Somali President Hassan Sheikh Mohamud also said that appeared to be al-Shabab's plan as they forced people out of Adan Yabaal last week.

Government officials did not disclose the number of people living in Adan Yabaal, but an al-Shabab official said 10,000 people lived there.

'No one can kidnap 10,000 humans'

The group's shadow governor for the Middle Shabelle region, Yusuf Isse Kabakutukade, denied the group kidnapped the civilians. He said the president's remarks accusing al-Shabab of kidnapping residents of Adan Yabaal were a "lie" and "surprising."

"No one can kidnap 10,000 humans," Kabakutukade told the group's radio station. "Even if 10,000 people were kidnapped and taken by force, I would say where in Middle Shabelle region do you detain 10,000 people?"

He acknowledged that the residents had left the town but gave different reasons for that. "Some took up their arms, and they are in the forest with the mujahedeen, and some wanted to stay away from his [the president's] fitnah [trouble]," Kabakutukade said.

Government officials said the group also forced civilians out of Masaajid Ali Gaduud, one of the largest villages in Middle Shabelle.

More than 1 million displaced

This comes at a time when internal displacement caused by droughts and conflict is a major humanitarian concern.

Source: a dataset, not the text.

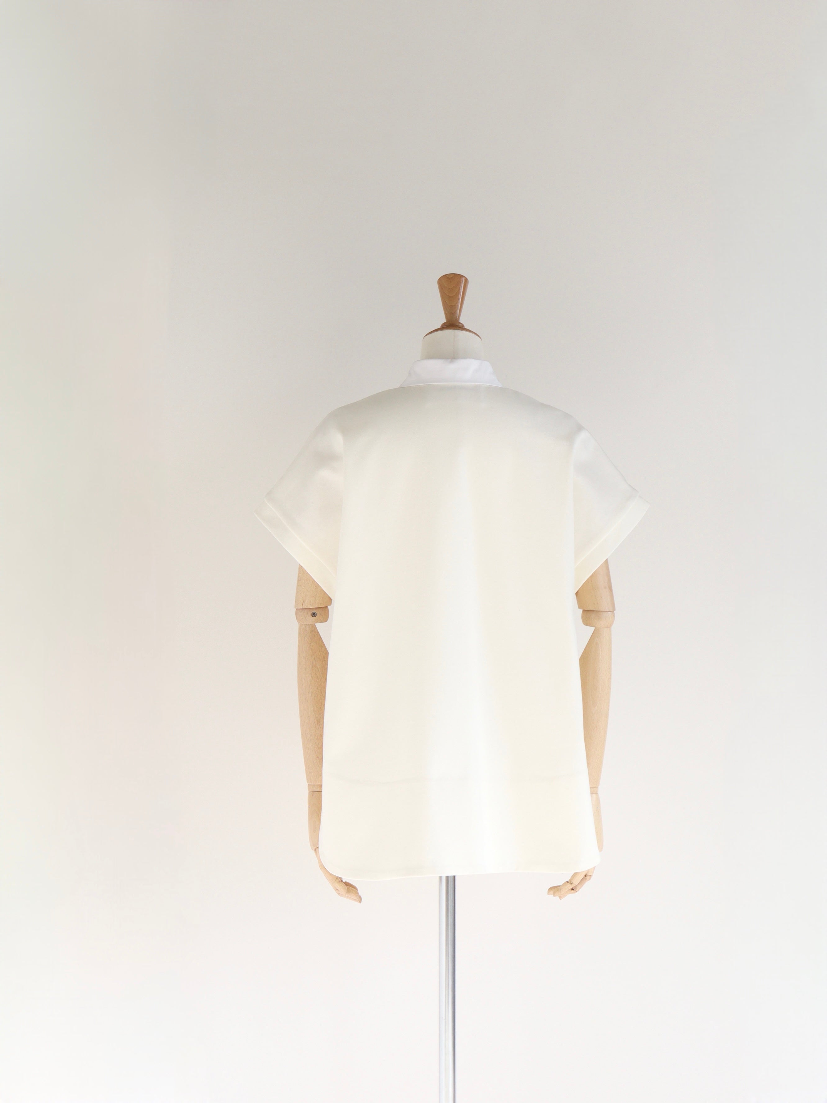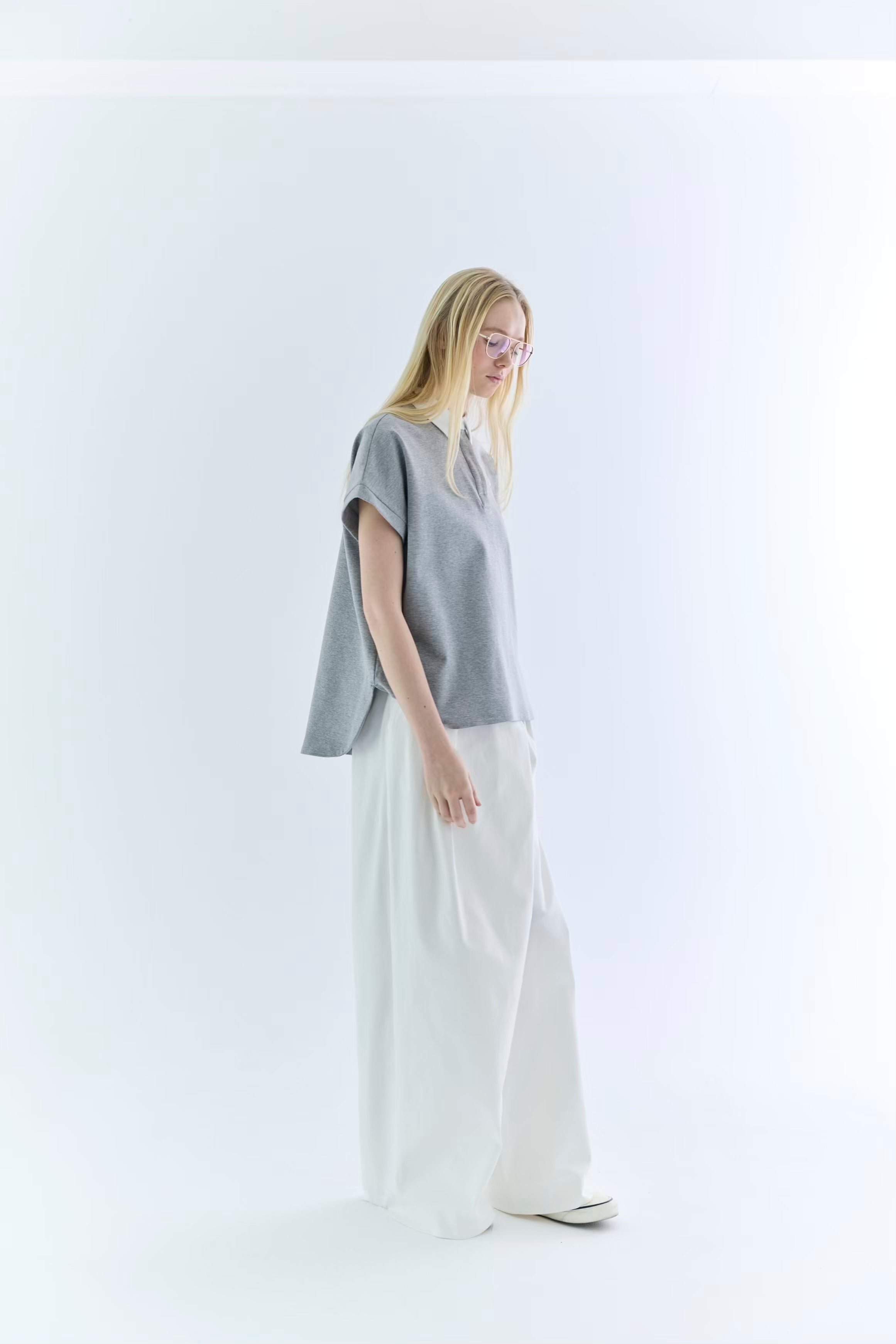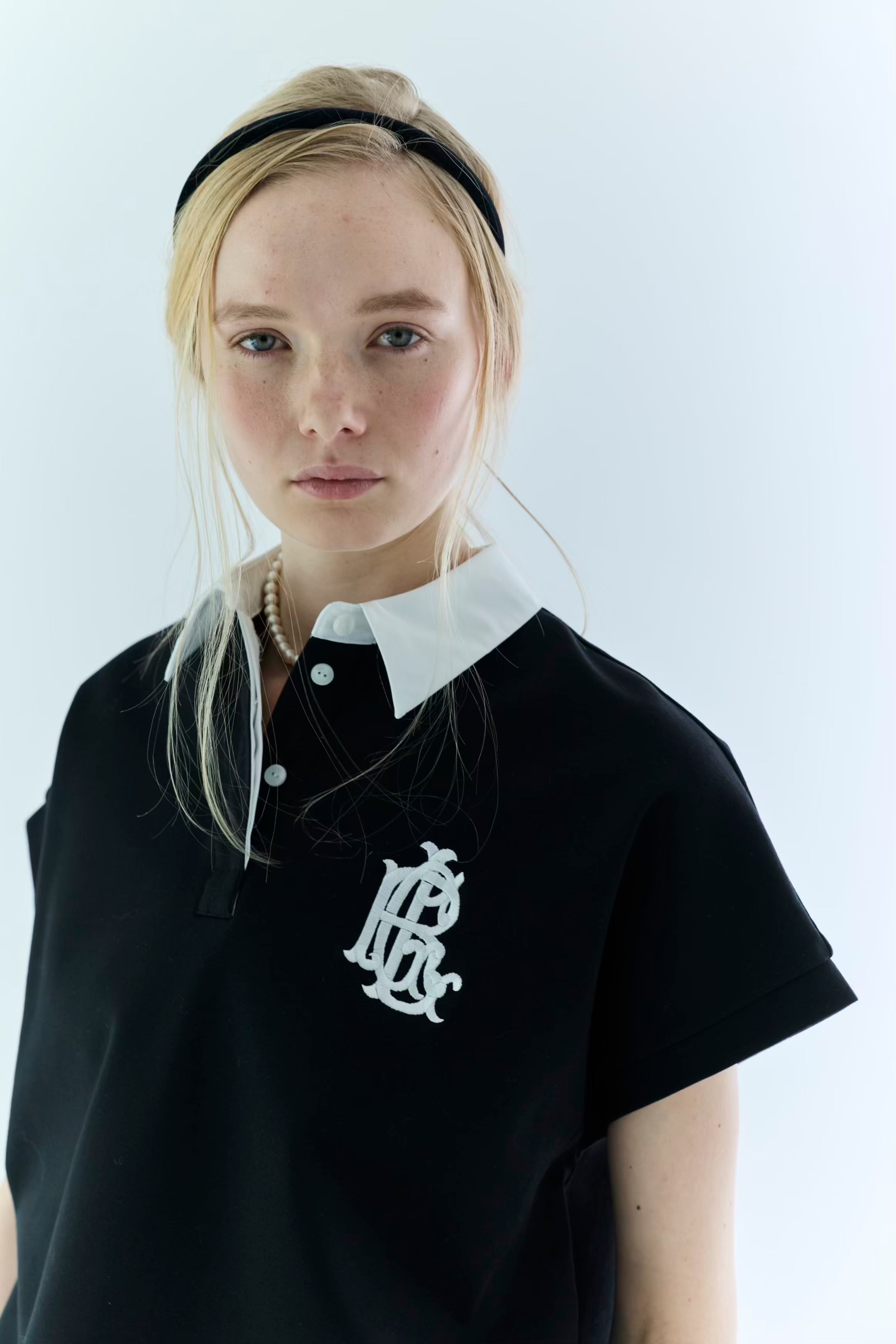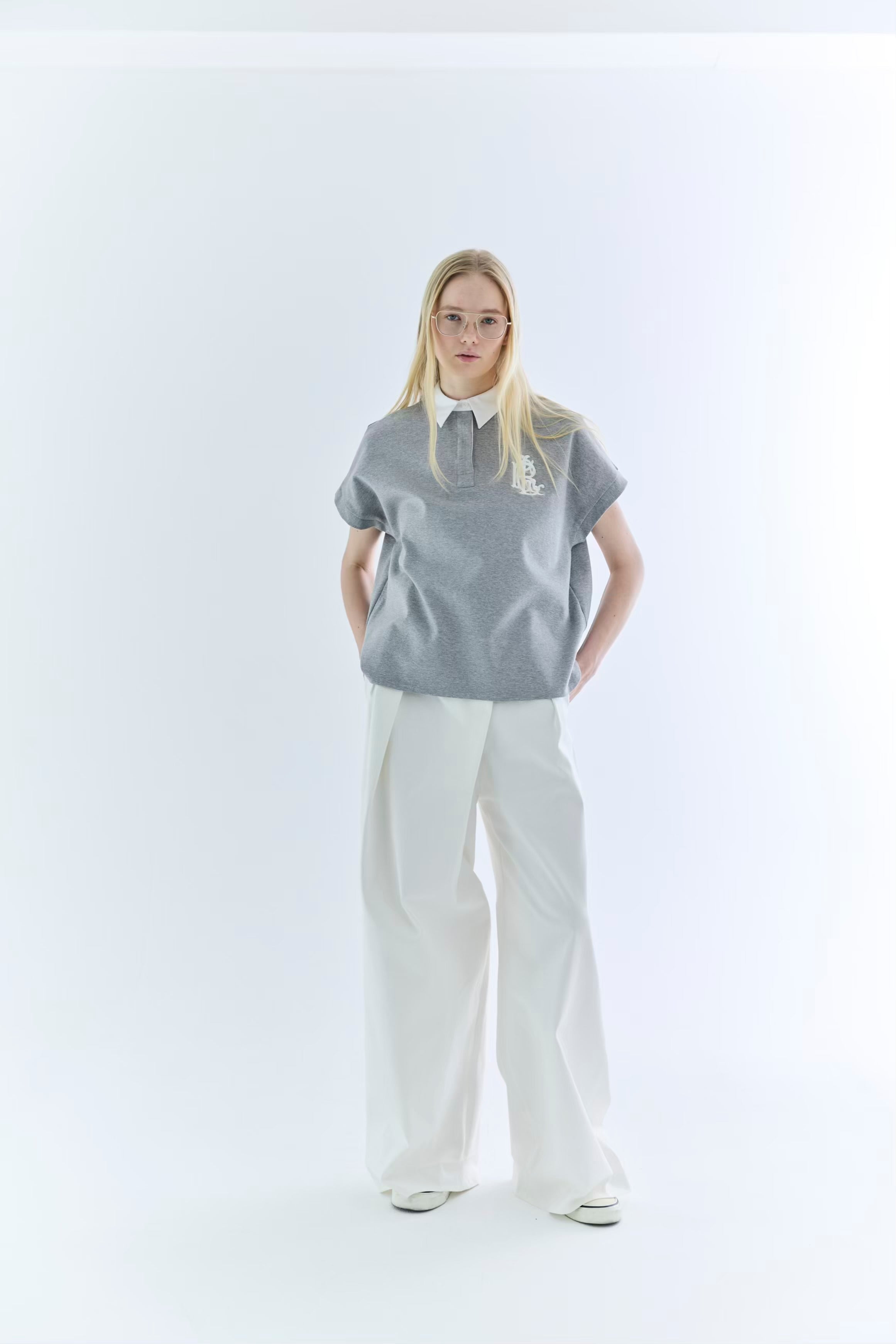 カジュアルになりがちなポロシャツですが、綺麗めなポンチ素材を使用し、モノグラムの刺繍を入れることで、上品に取り入れられるアイテムになりました。少し肩にかかるフレンチスリーブが、二の腕をそっとカバーしてくれます。

Aid agencies this month reported that 1.59 million people had been displaced in Somalia within the first 10 months of 2022. The agencies reported more than 1 million drought-related displacements, at least half a million conflict-related displacements and upward of 6,300 protection violations across Somalia.

The Norwegian Refugee Council and the U.N. High Commissioner for Refugees said in a report that while drought and looming famine were the primary drivers of displacement, the renewed escalation of armed conflict had also contributed to an increase in forced displacement.

At least 47% of conflict-related displacements reported between January and October 2022 originated from the Hiran region, agencies said. Hiran has been the focal point of the government's offensive against al-Shabab.

Agencies said fighting in the region between al-Shabab and local clans has resulted in massive displacement, widespread destruction of property that includes water sources such as boreholes and wells, and telecommunication facilities, in addition to executions, immolation and arson.

Al-Shabab has been using these tactics for years, as witnessed in 2014 during the last major offensive to retake towns prior to this current operation.

In March 2014, when Ethiopian troops and a small number of Somali soldiers accompanying them were approaching El-bur town in Galmudug to reclaim it, the militant group ordered residents to leave, according to officials.

At the time, the group's fighters also damaged the water wells, an act repeated frequently during the current offensive, officials note.

"They destroyed the water wells, they took the generator," said Nur Hassan Gutale, the government-appointed mayor of El-Bur town.

"They have ordered the people to leave, but they also disconnect electricity and water supplies. Once electricity and water are discontinued, life will be nonexistent. Therefore, people would be forced to move to where they can find water. It's one of the main reasons they are taking people with them."

In Adan Yabaal, the militants also removed water pumps from the town's two wells. The government has since sent replacement pumps.

Prime Minister Hamza Abdi Barre visited the town Wednesday and delivered food aid, promising to reopen the hospital and schools. Officials who traveled with him said residents have started to return to the town. One of the elders who returned told Barre that more residents would come back once public services were restored.